Thursday, October 06, 2005

Fuck the cabinets.

And fuck the water dripping from my bathroom ceiling, fuck the subject GREs, and fuck the fact that the CDC's Influenza lab just synthesized the deadly strain responsible for the big flu epidemic in 1918 FROM SCRATCH. I just got my right foot massaged by a 35 year old British man.

What do I do NOW?!

I mean, he said my feet seem to be in pretty good shape, but he's not a podiatrist-- he's just BRITISH. He was disappointed that there weren't any cracks and pops. To me, that sounds like something a MURDERER would be disappointed by.

He's going to murder me.

I suppose I asked for it. I offered the man wine, he interacted with my cat in a gentle and harmless way, and we were having a pleasant conversation about MASSAGES. Then, in his British accent, he asks: "might I be so bold as to ask if I could mass-age your foot?"
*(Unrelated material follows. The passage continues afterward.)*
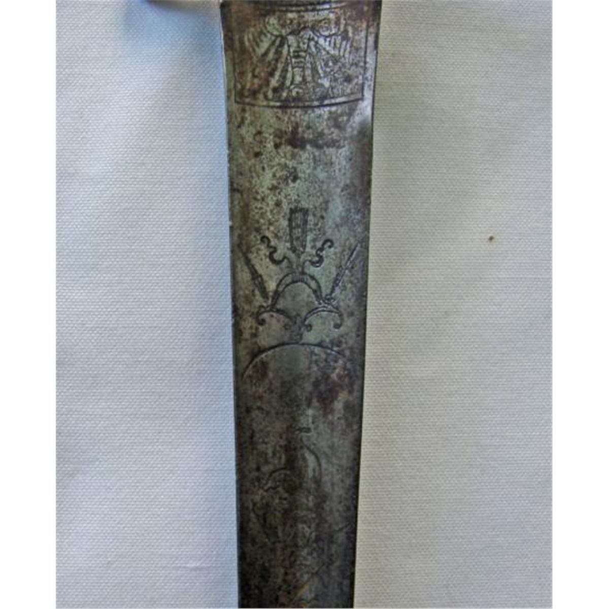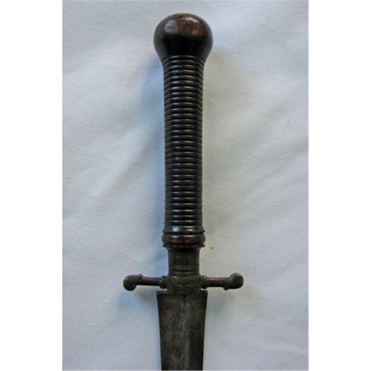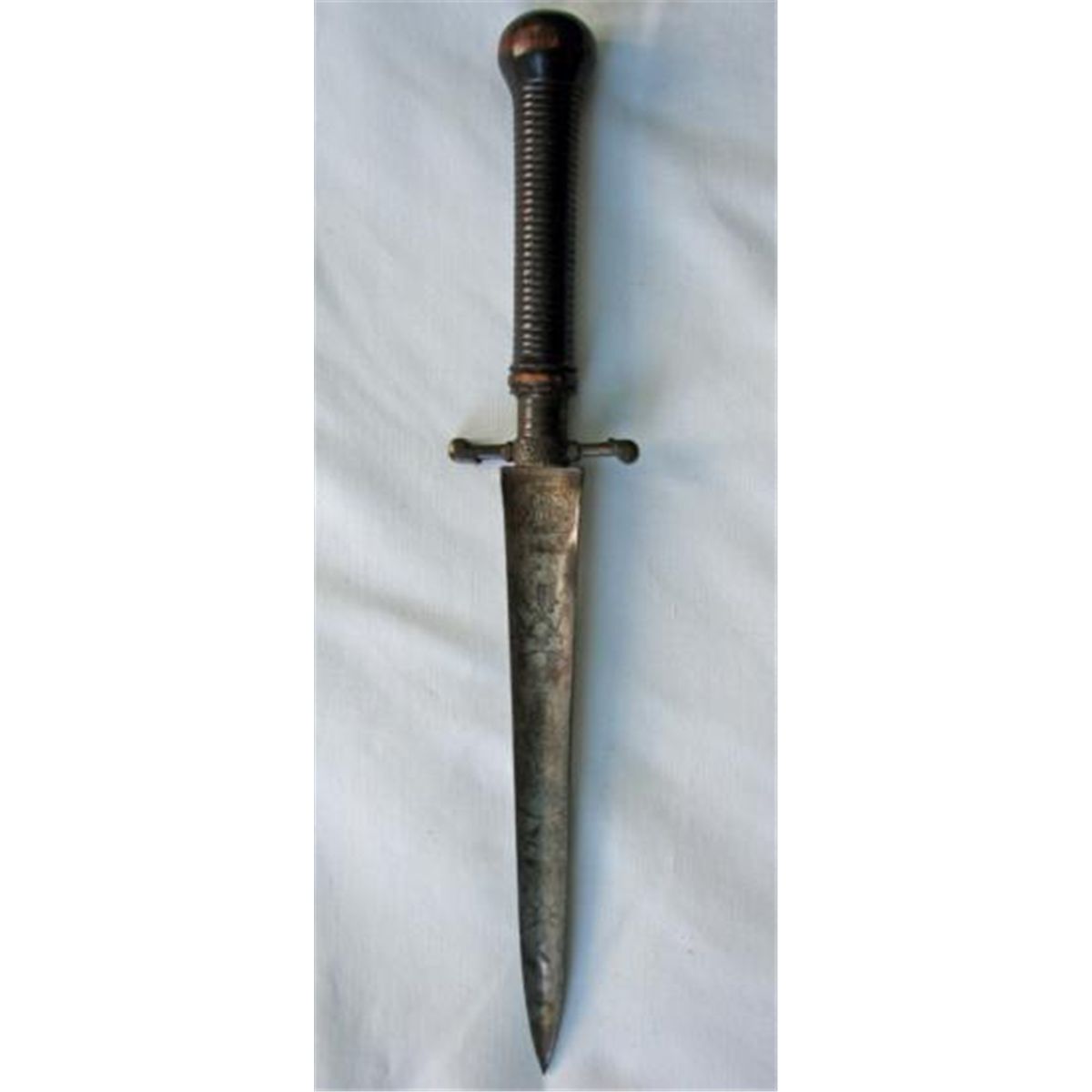 Early 17th Century German armor piercing triangular dirk with fine engraving and fabulous grip. Blade measures 8.5in, overall length 14.5in.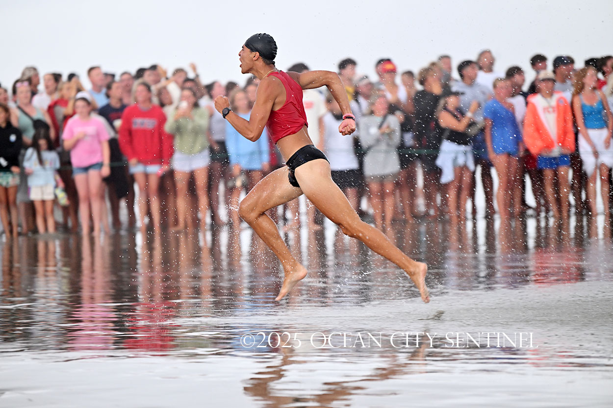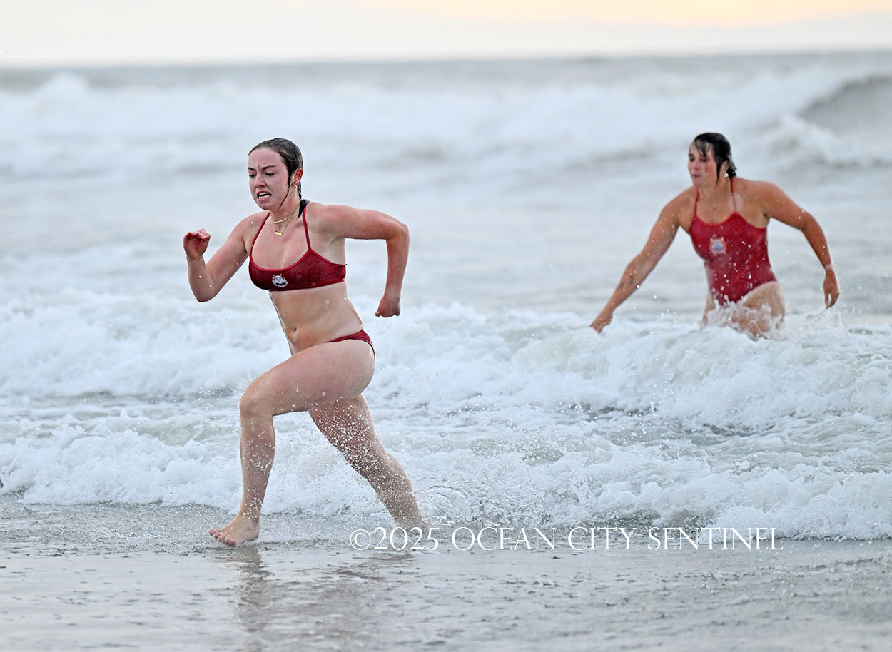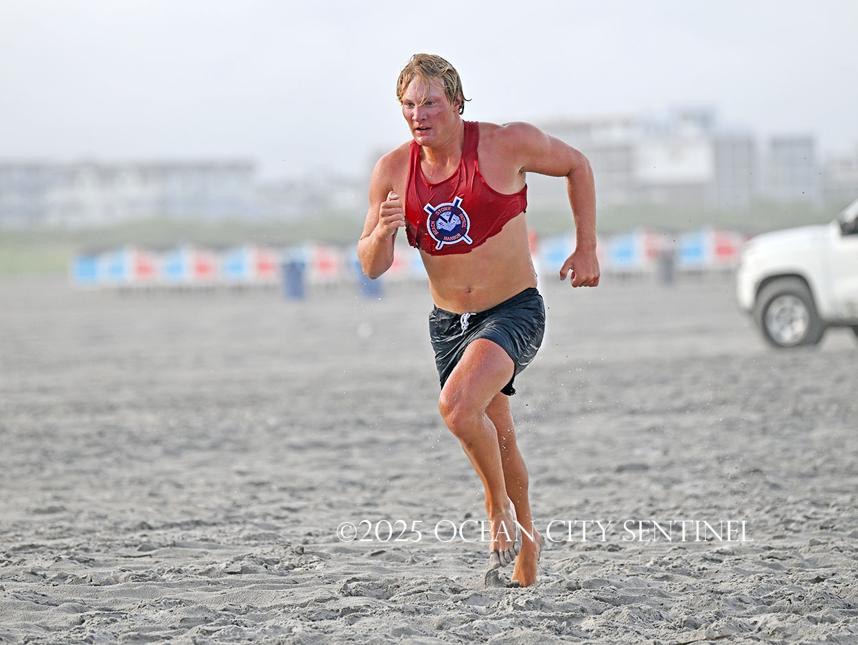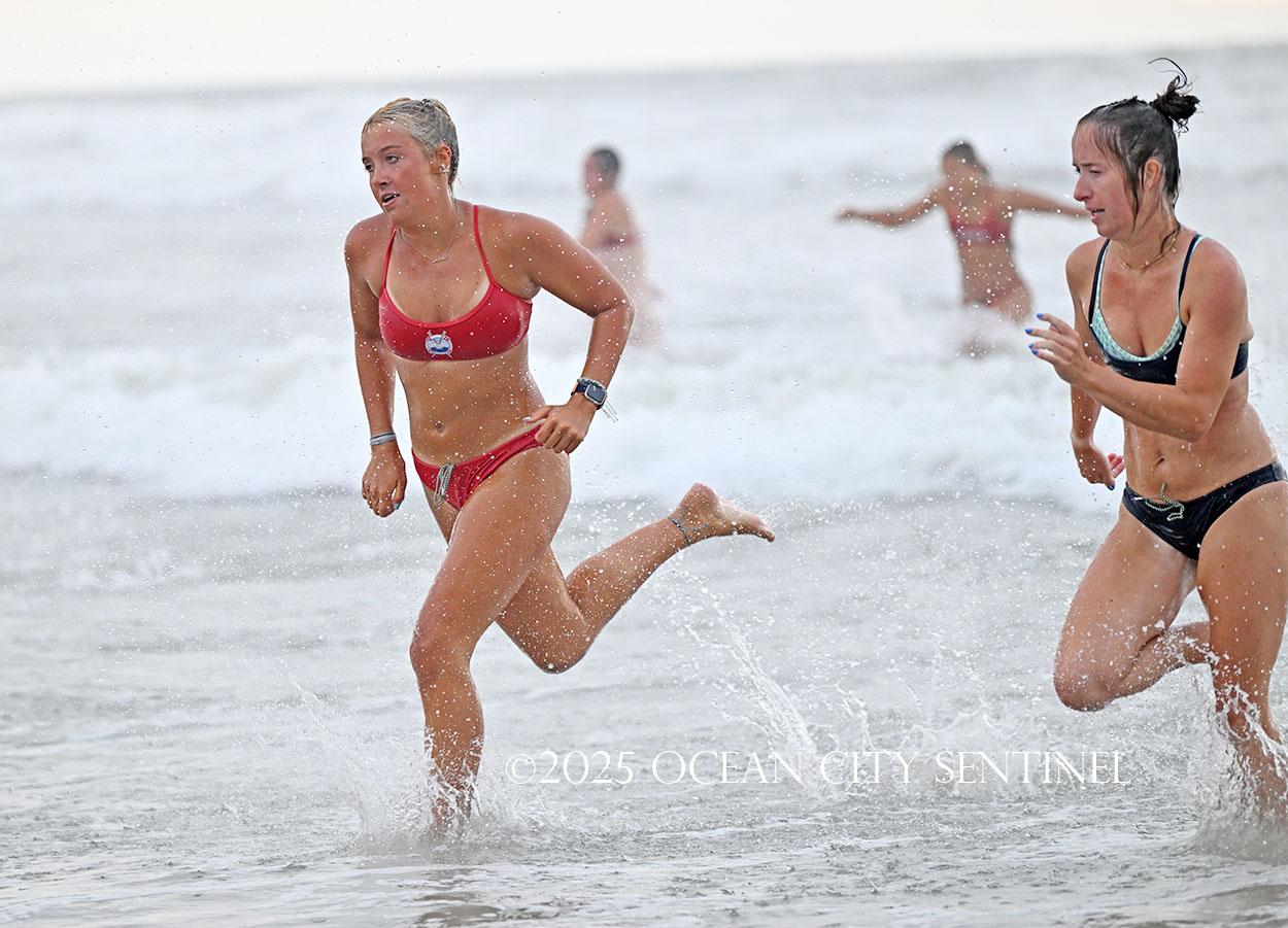 She added the conditions were rough for the dash relay, in which the guards run over the sand and into the surf, touch a marker and then race back again. There was a “really strong current ripping north, so it was learning how to angle, get to the correct buoy, come right back in, and make sure you’re on target,” Frederick said.

Oh dear sweet god of Hellfire and Brimstone, what was I supposed to say? No? Get off my porch? Keep away from my rough and calloused footpads, you Limey?

Of course not. I stuck my foot in the man's hand, sipped my wine, sat in my dirty white plastic deck chair and got my foot mass-aged like the Queen of Atlanta. And now I feel slightly creepy. Let's be honest-- I just moved to Georgia to work in a smallpox lab, I've had to urinate in my bathtub twice because there is a severe leak directly over my toilet, and now I have a British man touching my feet.
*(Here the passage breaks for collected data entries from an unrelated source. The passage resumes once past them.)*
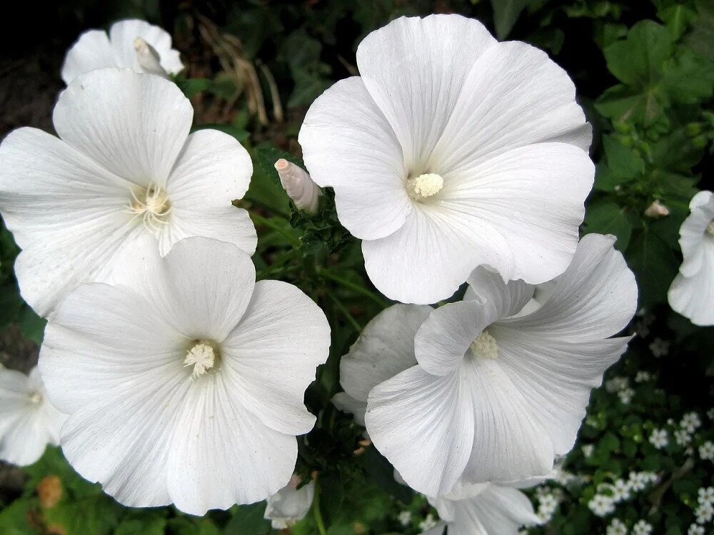 Крупные красивые яркие цветы. Мощные ветвистые растения высотой до 60 см. Диаметр соцветия 7-9 см, белой окраски. Обильное цветение с июля до конца сентября. Очень эффектны в групповых посадках, миксбордерах, цветы лаватеры хороши для срезки.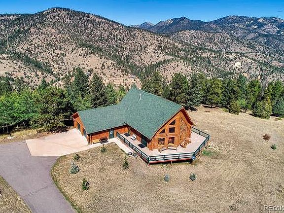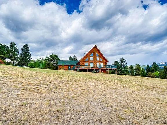 Located just outside Idaho Springs is this Majestic, Breath-taking, Mountain contemporary Log Home on 6 acres of gentle rolling mountain meadows. Unbelievable panoramic views, with over 3,300 finished square feet boasting 4 bedrooms and 4 baths. Hickory cabinets and slab granite highlight the kitchen and an expansive Great Room with enormous wrap around deck provides an unmatched view of the country side. The walkout lower level includes family room, game room, bedroom and bath. An over-sized 2 car attached garage has room for both extra storage and a workshop. Easy commute to Denver, Blackhawk, Central City, skiing & fishing. Home will be sold furnished as shown.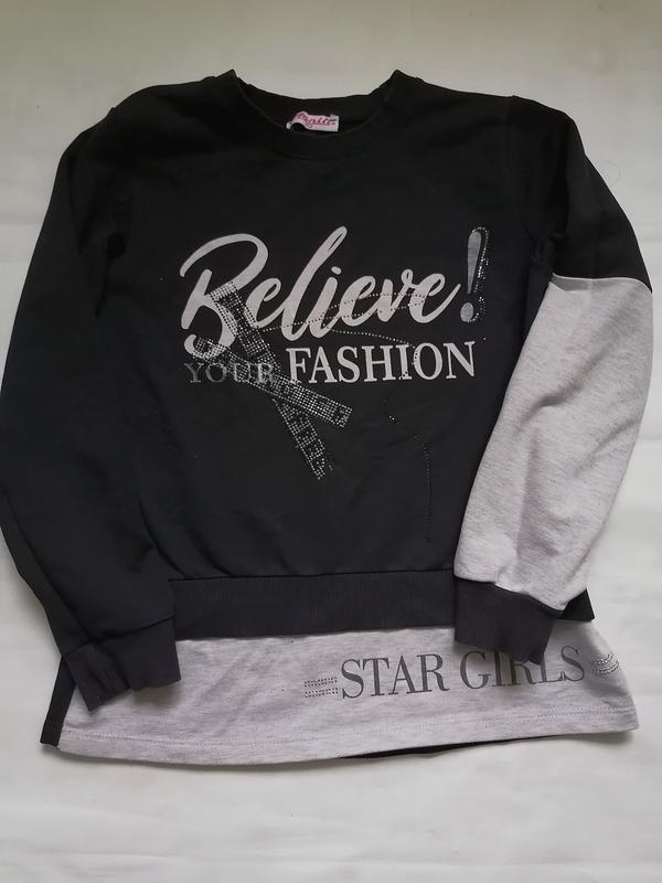 Стильная и комфортная кофточка. Свободного кроя, украшена стразами. Красиво сочетается с любимым образом. Трикотаж двунитка, без утепления. На рукавчиках манжеты. Дополнительные фото и замеры за.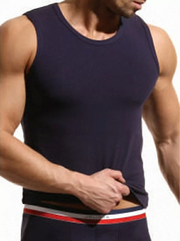 Однотонная мужская майка на широких бретелях .Модель облегающего кроя. Майка изготовлена из высококачественного трикотажа с высоким содержанием натурального хлопка.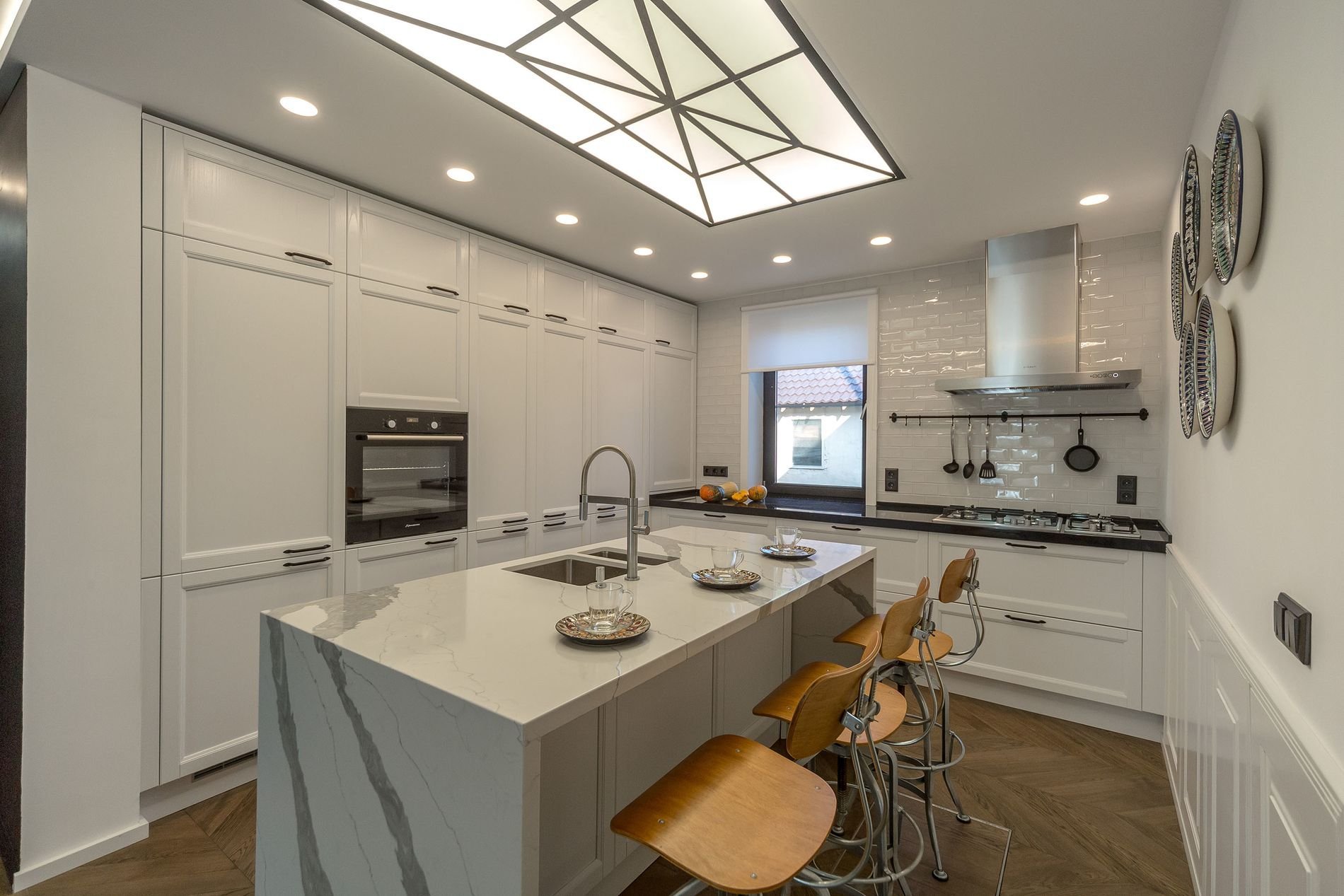 Хороший потолок на кухне — это не самый модный и не самый яркий вариант. Это решение, которое правильно подобрано под режим готовки, размер помещения, свет, вентиляцию и общую архитектуру кухни. Когда эти условия соблюдены, потолок работает долго, выглядит чисто и не создает лишних проблем.

And then he invited me upstairs for hot chocolate.

I guess I'm painting a weirder picture than I necessarily need to, or than it necessarily is, but it's all so very new.
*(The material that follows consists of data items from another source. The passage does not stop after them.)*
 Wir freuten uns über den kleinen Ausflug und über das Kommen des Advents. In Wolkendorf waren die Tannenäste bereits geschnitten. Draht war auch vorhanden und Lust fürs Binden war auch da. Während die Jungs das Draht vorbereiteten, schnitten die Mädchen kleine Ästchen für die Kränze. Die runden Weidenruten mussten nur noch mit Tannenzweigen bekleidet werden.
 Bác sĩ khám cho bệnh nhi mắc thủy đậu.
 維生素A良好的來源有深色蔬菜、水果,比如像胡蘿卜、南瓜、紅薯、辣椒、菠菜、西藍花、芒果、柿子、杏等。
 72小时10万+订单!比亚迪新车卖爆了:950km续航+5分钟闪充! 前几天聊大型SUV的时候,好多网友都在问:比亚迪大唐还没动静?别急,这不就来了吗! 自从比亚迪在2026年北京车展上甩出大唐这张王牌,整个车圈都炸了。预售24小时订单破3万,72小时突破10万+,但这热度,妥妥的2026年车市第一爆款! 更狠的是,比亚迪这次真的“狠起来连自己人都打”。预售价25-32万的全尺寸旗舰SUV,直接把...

However, he did say his favorite animal is the cougar...

2 comments:

Livinia said...

So did you go?

Mackenzie said...

oh my, you have quite the following with your story missy...

how will you break the new to Livinia that the British man is not the man for you? I'll do it.

Livinia, darling, unfortunately this fellow got progressively creepier as the encounters progressed. And so our dear friend had to stop pursuing and responding to the gentleman's pursuits. I find it quite disappointing, but we must trust that little voice in our heads or that feeling in our hearts.

And to you, my future Dr. Webb, fuck the cabinets indeed, but do not fuck the Brit.